Les dames, les seigneurs, sous mes yeux éblouis,
Tous, fantômes de gloire et de magnificence,
Repeuplent ce palais, solitaire cité,
Dont aucun roi vivant, dans toute sa puissance,
Ne peut remplir l’immensité…

Levez-vous donc, géants exhumés de nos fastes,
Morts anciens, jeunes morts, pressez-vous sur le seuil !
Héroïsme, génie, arts féconds, vertus chastes,
Hôtes sacrés, à vous ces olympes trop vastes,
À vous parcs et château, nations du cercueil.
Si jamais dans ce lieu, par un appel suprême,
Tout ce qu’a vu de grand la France est évoqué,
La gloire y fera foule, et dans Versailles même
L’espace, un jour, aura manqué !

Sous le second Empire, à l’exception des historiens et de quelques auteurs de romans historiques, les littérateurs se passionnaient peu pour Versailles : du moins, les meilleurs d’entre eux, et particulièrement les poètes parnassiens, venaient-ils souvent se réunir, boulevard de la Reine, chez leur aîné, l’illustre survivant de 1830, qu’ils vénéraient comme le plus accueillant des maîtres.

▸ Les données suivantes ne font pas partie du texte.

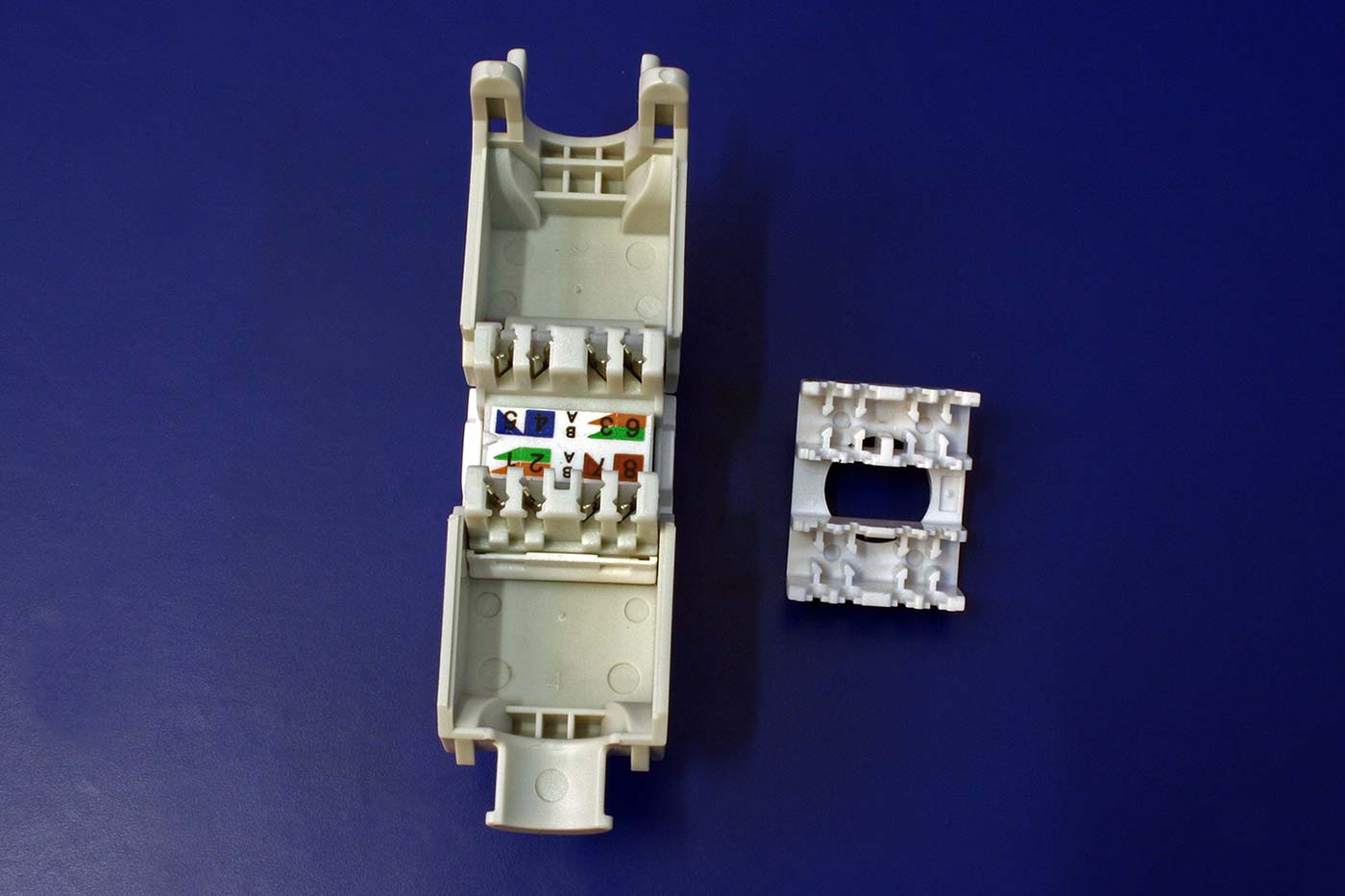 - nařezávání bez nástrojů - zasunutím plastové krytky s kabelem a zaklapnutím bočnic konektoru;
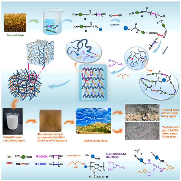 醋酸纖維素/水性聚氨酯/甘油三酯醚/甘油系列防凍固沙劑的合成機(jī)理
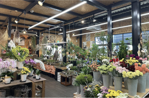 地域トップクラスの売り場面積と品揃えで、シーンに合わせたお花を幅広く取り揃えています。
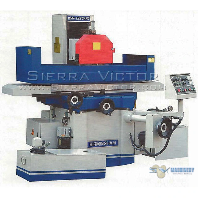 <p>BIRMINGHAM 16" x 32" Precision 3-Axis Auto Surface Grinder WSG-1632AHD</p><ul><li>Precision 3-Axis Auto, Surface Grinder with Chuck, Coolant</li><li>AHD means: Auto feed on transverse, hydraulic transmission on longitudinal, auto feed on vertical.</li><li><strong>COLUMN:</strong> Enlarged, Double wall, Strong ribbed column, especially suitable for heavy duty grinding</li><li><strong>CONSTRUCTION:</strong> Construction of table, saddle and base is casted with high grade casting iron, strongly ribbed.</li><li><strong>SPINDLE:</strong> Enlarged spindle set is supported by 4 pieces of preloaded precision angular contact ball bearings for heavy duty</li><li><strong>SLIDEWAYS:</strong> Vertical, cross (double vees) and longitudinal (one vee & one flat) slideways are coated with Turcite-B, provides stable movement and durable accuracy</li><li><strong>AUTOMATIC CONTINUOUS LUBRICATION SYSTEM: </strong>All slideways and screws are fully oiled by automatic continuous lubrication system to eliminate wears on slideways & screws.</li><li><strong>CROSS FEED</strong>: Ball screw for cross travel, powered by AC Motor</li><li><strong>VERTICAL FEED</strong>: Powered by servo motor</li><li><strong>HYDRAULIC TABLE:</strong> Table speed ranges 5-25m/min. with rack and pinion table drive for hand operation</li><li><strong>PROXIMITY SWITCH:</strong> Provide built-in-type (hidden) proximity switch, features safe and easy operation</li><li><strong>TABLE SPEED CONTROL</strong>: Presettable hydraulic table speed control allows operator to pre set speed rate, enable to get same speed rate when engaging hydraulic table everytime.</li><li><strong>HAND WHEELS</strong>: Zero-setting slip rings with vernier on vertical hand wheel and vernier on crossfeed hand wheel.</li></ul><p><strong>STANDARD EQUIPMENT:</strong></p><ul><li>Grinding Wheel</li><li>Grinding Wheel Flange</li><li>Wheel Balance Stand</li><li>Wheel Balance Arbor</li><li>Diamond Wheel Dresser</li><li>Wheel Flange Extractor</li><li>Working Light System</li><li>Lubrication System</li><li>Coolant System</li><li>Full Length Splash Guard</li></ul><div>ITEM: 16" x 32" Precision 3-Axis Auto Surface Grinder</div><div>MANUFACTURER: BIRMINGHAM</div><div>MODEL: WSG-1632AHD</div><div><a class="eMAIL" href="mailto:dan@sierravictor.com?subject=Freight Quote and Availability Request from Website&body=Please Enter Your: %0A%0ANAME................:%0ACOMPANY........:%0AADDRESS..........:%0AZIP CODE..........:%0ATELEPHONE #..:%0A%0A%0ATHE INFORMATION BELOW WILL BE COMPLETED by SIERRA VICTOR%0A%0A %0A%0AItem/Model: BIRMINGHAM WSG-1632AHD%0A%0AFreight Price is:%0A%0AAvailability is:%0A"><span class="eMAIL"><br> CLICK HERE FOR FREIGHT QUOTE AND TO CONFIRM AVAILABILITY</span></a></div>
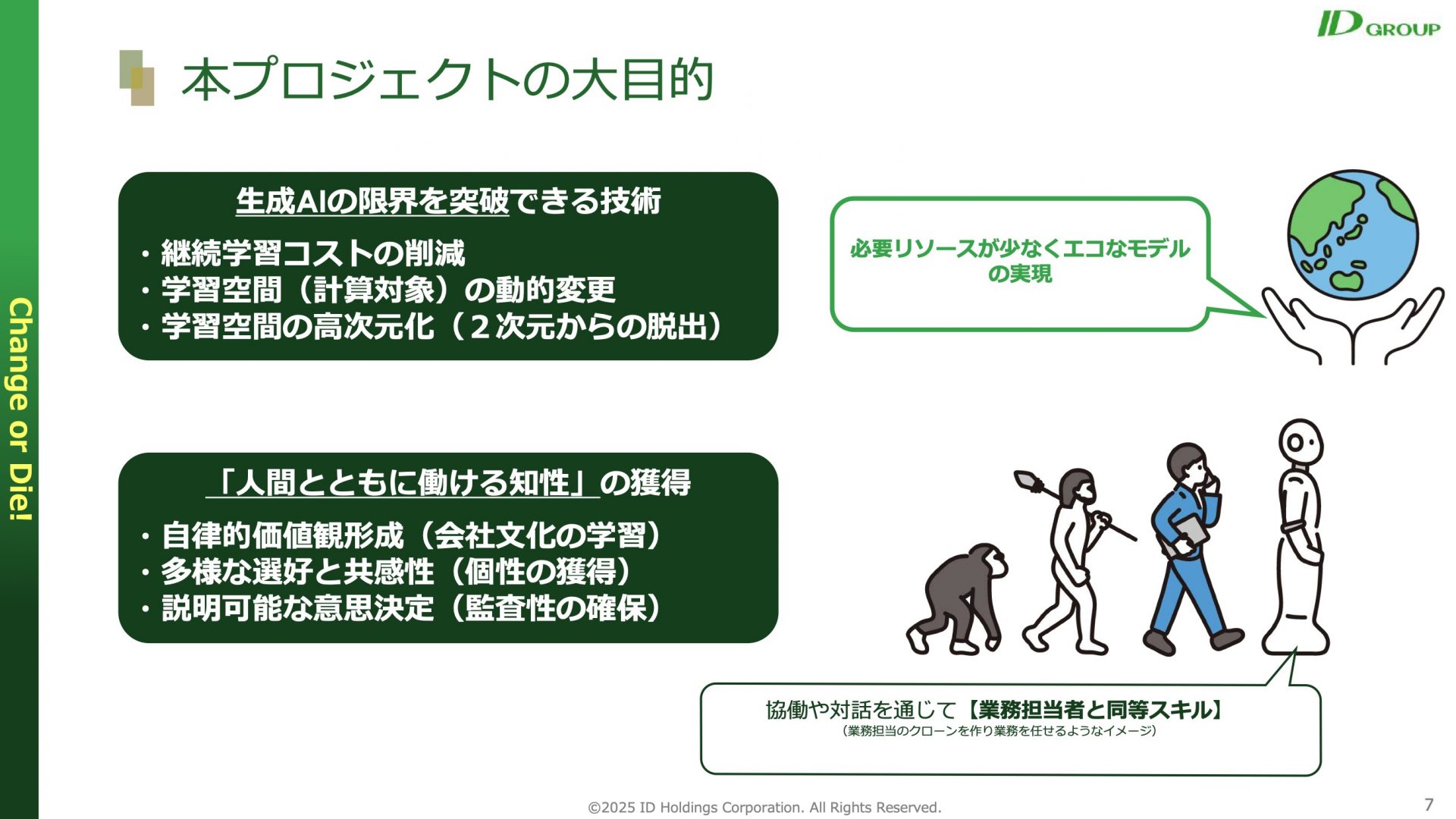 はじめに現在の生成AIが持つ課題や限界が提示されました。学習やチューニングなどの調整作業が継続的に発生し負荷が小さくないこと、答えは出せても、その答えがどういう過程を経て出てきたのかが見えにくいこと、現場ごとの暗黙知や価値観、組織文化のようなものを継続的に学び続けるのが不得意なことなどです。
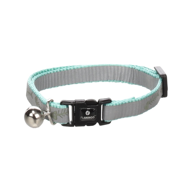Obojek z odolného nylonu má po celé délce široký reflexní pás, který zvyšuje bezpečí kočky za snížené viditelnosti. Zapíná se na plastovou přezku s bezpečnostním zámkem. Délku lze nastavit v rozsahu 20–34 cm. K obojku je připnutá rolnička, která při pohybu jemně zvoní a varuje tak potenciální kořist.
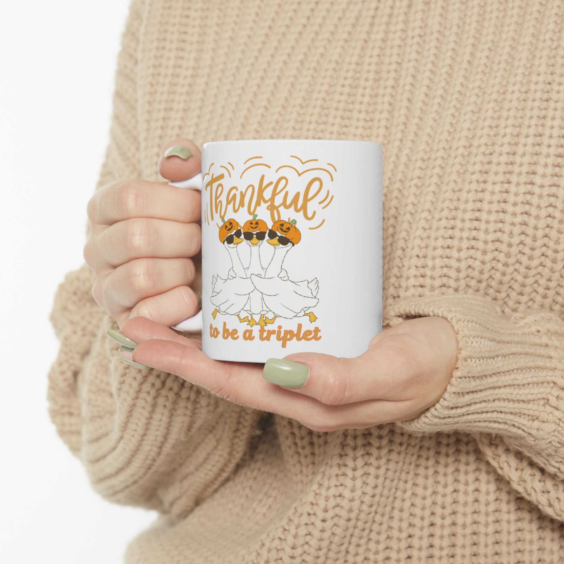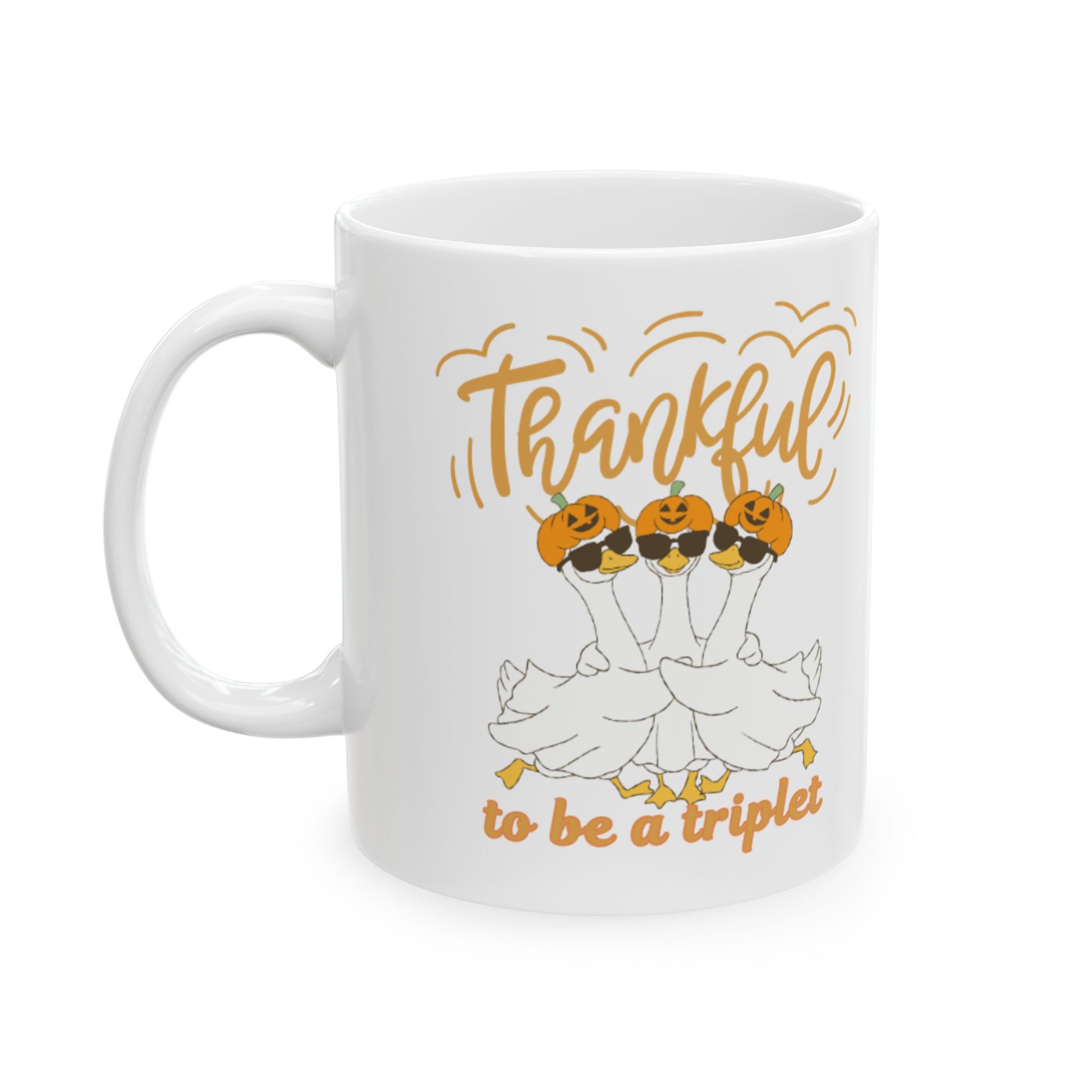 Thankful Duck Ceramic Mug — Thankful to be a Triplet Thanksgiving Triplet Sibling Gift

Un autre salon rassemblait vers le même temps l’élite des lettres et des arts : celui d’Augusta Holmès, dont la précocité intellectuelle et l’intuition esthétique tenaient du prodige, et dont le coup d’aile trop orgueilleux allait se briser douloureusement aux rudes épreuves de la destinée. Nous connaissons tout d’Augusta Holmès et de son entourage, grâce à M. Pichard du Page, qui a reconstitué, avec autant de perspicacité que de scrupuleuse documentation, cette passionnante vie d’artiste, magnifique, décevante et douloureuse.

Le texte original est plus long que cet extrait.